It seems that juror confidence ranges don’t differ a lot within the presence of conflicting proof, as proven by the big overlap within the confidence density estimates above. Maybe within the presence of no conflicting proof, jurors could also be barely extra assured of their verdicts, because the confidence density estimate below no battle seems to point out larger focus of confidence values larger than 0.8 relative to the density estimate below the presence of conflicting proof. Nevertheless, the distributions seem almost the identical.
Let’s study whether or not juror confidence ranges fluctuate throughout two-option vs. three-option verdict methods.
# plot distribution of Confidence by Verdict
# use Sheather-Jones bandwidth for density estimate
ggplot(mock, aes(x = confidence, fill = verdict)) +
geom_density(alpha = 0.5, bw = bw.SJ(mock$confidence)) +
labs(title = paste("Density: Confidence by Verdict")) +
xlab("Confidence") +
ylab("Density") +
theme(plot.title = element_text(hjust = 0.5))

This visible supplies extra compelling proof to recommend that confidence ranges aren’t identically distributed throughout the 2 verdict methods. It seems that jurors could also be barely much less assured of their verdicts below the two-option verdict system relative to the three-option system. That is supported by the truth that the distribution of confidence below the two-option and three-option verdict methods seem to peak round 0.625 and 0.875, respectively. Nevertheless, there may be nonetheless important overlap within the confidence distributions for each verdict methods, so we would wish to formally check our declare to conclude whether or not confidence ranges differ considerably throughout these verdict methods.
Let’s study whether or not the distribution of confidence differs throughout joint ranges of verdict and battle.
# plot distribution of Confidence by Battle & Verdict
# use Sheather-Jones bandwidth for density estimate
ggplot(mock, aes(x = confidence, fill = battle)) +
geom_density(alpha = 0.5, bw = bw.SJ(mock$confidence)) +
facet_wrap(~ verdict) +
labs(title = paste("Density: Confidence by Battle & Verdict")) +
xlab("Confidence") +
ylab("Density") +
theme(plot.title = element_text(hjust = 0.5))

Analyzing the distribution of confidence stratified by battle and verdict offers us some fascinating insights.
- Beneath the two-verdict system, confidence ranges of verdicts made below conflicting proof/no conflicting proof seem like very comparable. That’s, jurors appear to be equally assured of their verdicts within the face of conflicting proof when working below the normal responsible/not responsible judgement paradigm.
- In distinction, below the three-option verdict, jurors appear to be extra assured of their verdicts below no conflicting proof relative to when conflicting proof is current. Their corresponding density plots present that verdicts with no conflicting proof present a lot larger focus at excessive
confidenceranges (confidence> 0.75) in comparison with verdicts made with conflicting proof. Moreover, there are almost no verdicts made below the absence of conflicting proof the place the jurors reportedconfidenceranges lower than 0.2. In distinction, within the presence of conflicting proof, there’s a a lot bigger focus of verdicts that had lowconfidenceranges (confidence< 0.25).

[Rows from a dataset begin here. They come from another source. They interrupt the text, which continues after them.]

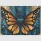 Mariposa monarca con un pequeño estilo de punk de vapor añadido en papel tisular. Las audaces alas de mariposa, naranja y amarilla, sobreestiradas en un fondo azul y dorado, hacen que este papel tisular sea bastante dramático.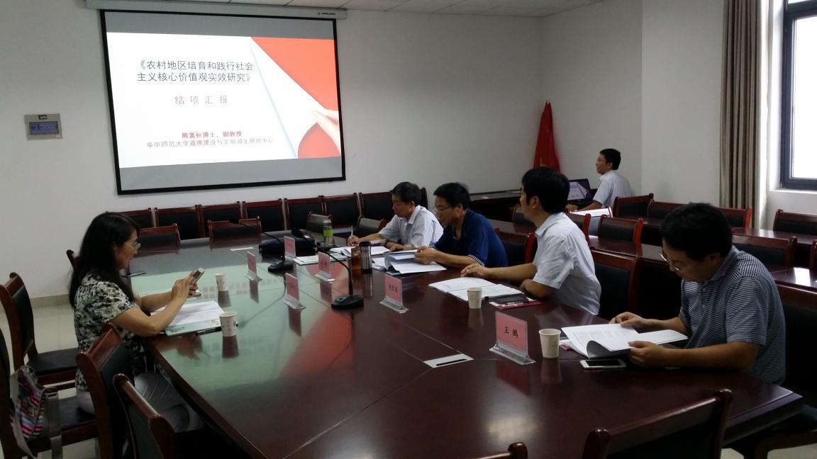 会上,来自华中师范大学马克思主义学院的龙静云教授、熊富标副教授就《农村地区培育和践行社会主义核心价值观实效研究》课题初步成果进行展示汇报。课题从影响农村地区培育和践行社会主义核心价值观的要素、评价体系以及南阳现状、对策等方面展开,选题切合当前发展现状,研究系统完备,理论性强。随后,来自市委宣传部、市社科联、市委党校的社科专家对课题成果分别提出几点建议,为课题进一步深入完善提供了较好的思路。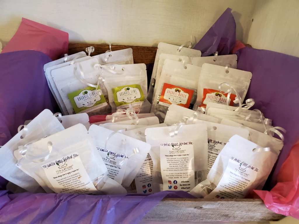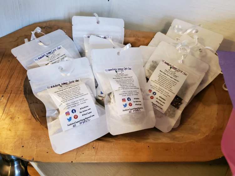 Here are the blends available this December 2021 at Sophisticated Florals at 816 Burke St. in downtown WS, NC: TL! Petals Please Herbal Tea Blend, TL! Vanilla Honey Herbal Tea Blend, TL! Mandarin Orange Spice Chai Tea Blend, Mango Green + Black Tea Blend, and Lime Herbal Tea Blend.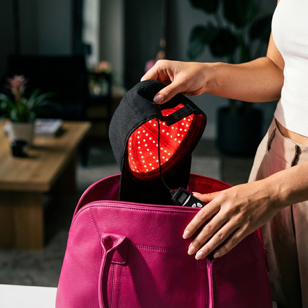 Portez la casquette pendant 15 minutes pour activer la repousse et renforcer vos cheveux.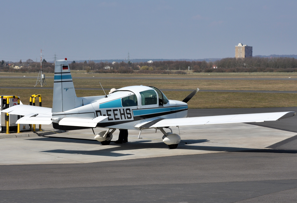 Grumman AA-5 Traveler, D-EEHS, Tankstelle am Flugplatz Bonn-Hangelar - 07.04.2013

Formally Testing Distributional Variations
Our exploratory information evaluation confirmed that juror confidence ranges might differ relying on the decision system and whether or not there was conflicting proof. Let’s formally check this by evaluating the confidence densities stratified by these elements.
We are going to perform assessments to match the distribution of confidence within the following settings (as we did above in a qualitative method):
- Distribution of
confidencethroughout ranges ofbattle. - Distribution of
confidencethroughout ranges ofverdict. - Distribution of
confidencethroughout ranges ofbattleandverdict.

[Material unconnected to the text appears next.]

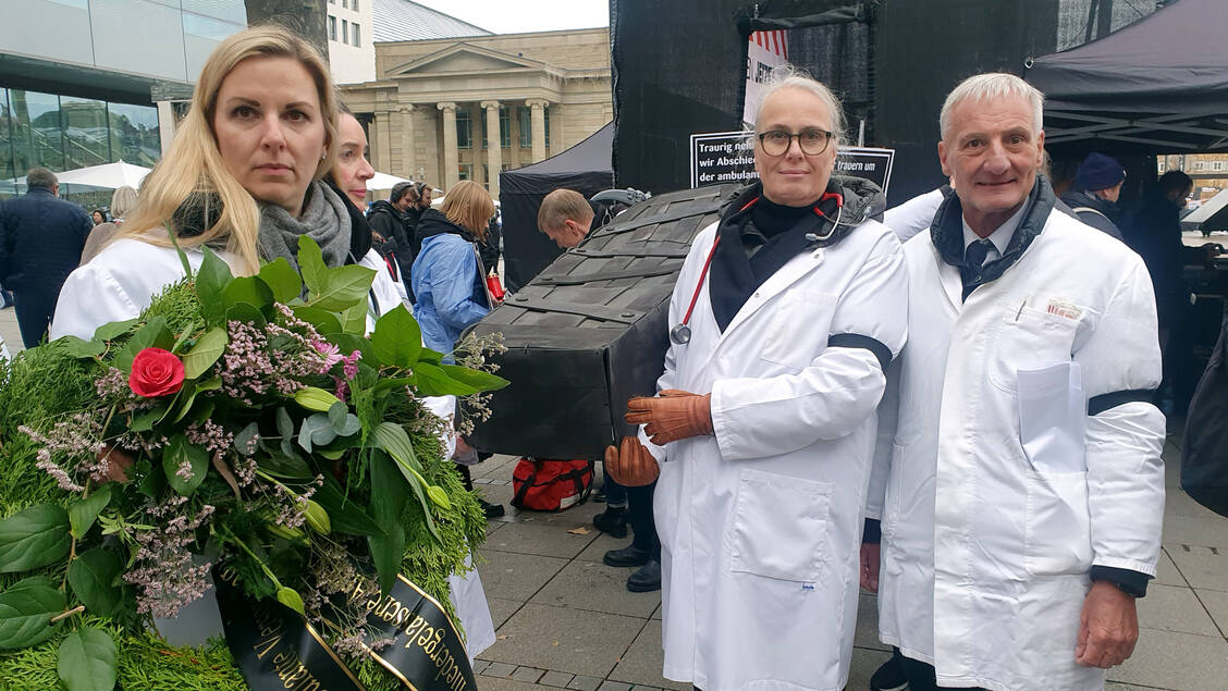 Unterstützt wurde der Apothekenprotest in Stuttgart auch von den Hausärztinnen und Hausärzten. Verbands-Vize Nicola Buhlinger-Göpfarth sprach zu den Demonstrierenden. Im Abschluss an die Kundgebung trugen die Mediziner symbolisch die ambulante Versorgung zu Grabe.

First, let’s evaluate the distribution of confidence within the presence of conflicting/no conflicting proof. We will evaluate these confidence distributions throughout these battle ranges utilizing the sm.density.compare() perform that’s supplied as a part of the sm package deal. To hold out this check, we will specify the next key parameters:
x: vector of information whose density we wish to mannequin. For our functions, this will likely beconfidence.group: the issue over which to match the density ofx. For this instance, this will likely bebattle.mannequin: setting this toequalwill conduct a speculation check figuring out whether or not the distribution ofconfidencediffers throughout ranges ofbattle.

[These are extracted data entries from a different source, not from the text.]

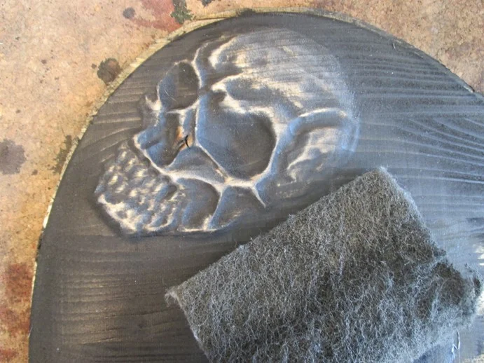 Das deutlich bekanntere Gegenstück (wenn auch nicht bewusst) zur Trockenbürsttechnik ist der sogenannte Reliefschliff. Hier werden Erhebungen und Reliefs betont indem mal von ihnen die Farbe herunterschleift/bürstet/poliert. Der Reliefschliff wird oft bei Schmuckstücken verwendet und ist auch das, was mit Objekten in der Natur auf ganz natürlichem Wege durch Benutzung/Abnutzung passiert. Die Technik ist noch etwas einfacher.... man färbt den Gegenstand ein und schleift die Farbe eben wieder herunter. Dabei nimmt man vom groben Schleifpapier bis hin zum einfachen Baumwolltuch alles, was einen natürlichen Schleifeffekt hat. Sinn der Sache ist Vertiefungen dunkler zu machen als Erhebungen (also umgekehrt zum Trockenschliff). Beim Agen macht man sich diesen Effekt z.B. bei Rissen und Beulen zu Nutze.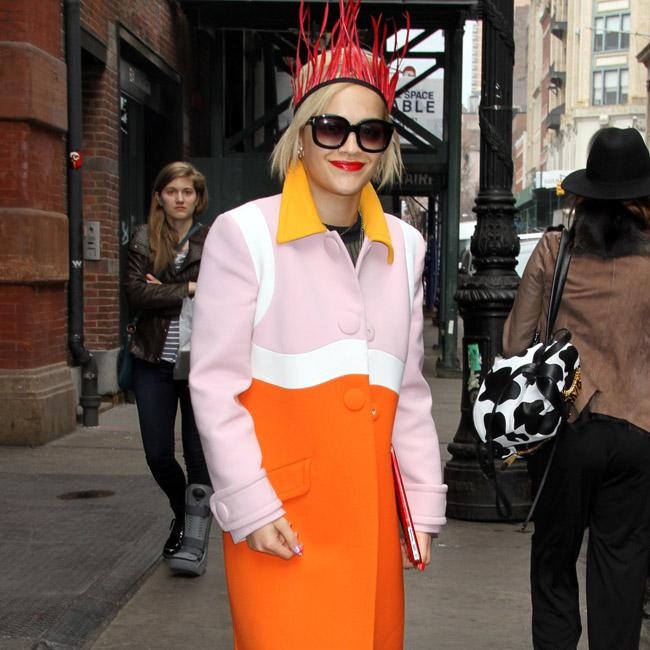 Rita Ora showcased her eccentric style in a vibrant coat and quirky red headband as she stepped out in New York City.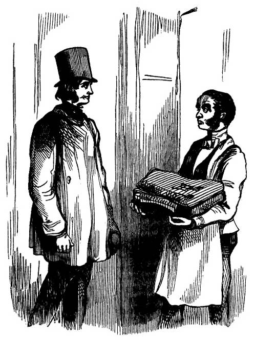 First they went into the gorgeous dining-room, fitted up, Lady Clavering couldn't for goodness gracious tell why, in the middle-aged style, "unless," said her good-natured ladyship, laughing, "because me and Clavering are middle-aged people;" and here they were offered the copious remains of the luncheon of which Lady Clavering and Blanche had just partaken. When nobody was near, our little Sylphide, who scarcely ate at dinner more than the six grains of rice of Amina, the friend of the Ghouls in the Arabian Nights, was most active with her knife and fork, and consumed a very substantial portion of mutton cutlets: in which piece of hypocrisy it is believed she resembled other young ladies of fashion. Pen and his uncle declined the refection, but they admired the dining-room with fitting compliments, and pronounced it "very chaste," that being the proper phrase. There were, indeed, high-backed Dutch chairs of the seventeenth century; there was a sculptured carved buffet of the sixteenth; there was a sideboard robbed out of the carved work of a church in the Low Countries, and a large brass cathedral lamp over the round oak table; there were old family portraits from Wardour-street and tapestry from France, bits of armor, double-handed swords and battle-axes made of carton-pierre, looking-glasses, statuettes of saints, and Dresden china—nothing, in a word, could be chaster. Behind the dining-room was the library, fitted with busts and books all of a size, and wonderful easy chairs, and solemn bronzes in the severe classic style. Here it was that, guarded by double [pg 380] doors, Sir Francis smoked cigars, and read "Bell's Life in London," and went to sleep after dinner, when he was not smoking over the billiard-table at his clubs, or punting at the gambling-houses in Saint James's.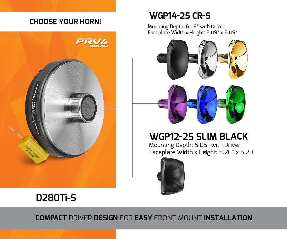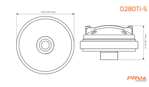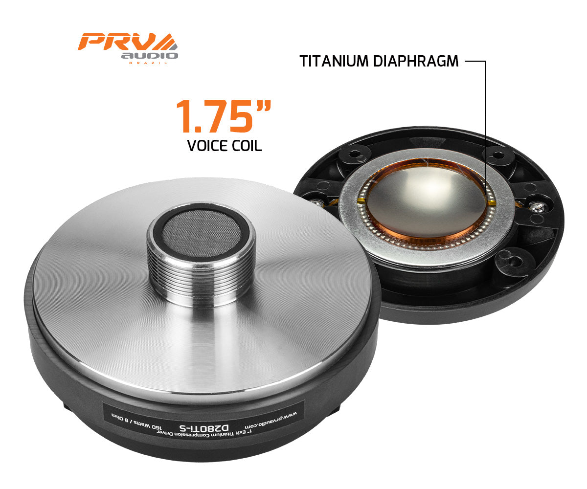 The titanium diaphragm is attached to a 1.75″ diameter copper-clad aluminum wire with Kapton® former for a 160 Watts RMS musical power handling, when used with recommended HPF using PRV Digital Signal Processor DSP

Moreover, we’ll set up a standard bandwidth for the density estimates of confidence throughout the degrees of battle. We’ll do that by computing the Sheather-Jones bandwidth for the confidence ranges for every battle subgroup, then computing the harmonic imply of those bandwidths, after which set that to the bandwidth for our density comparability.
For all of our speculation assessments under, we will likely be utilizing the usual α = 0.05 standards for statistical significance.
set.seed(123)
# outline subsets for battle
no_conflict <- subset(mock, battle=="no")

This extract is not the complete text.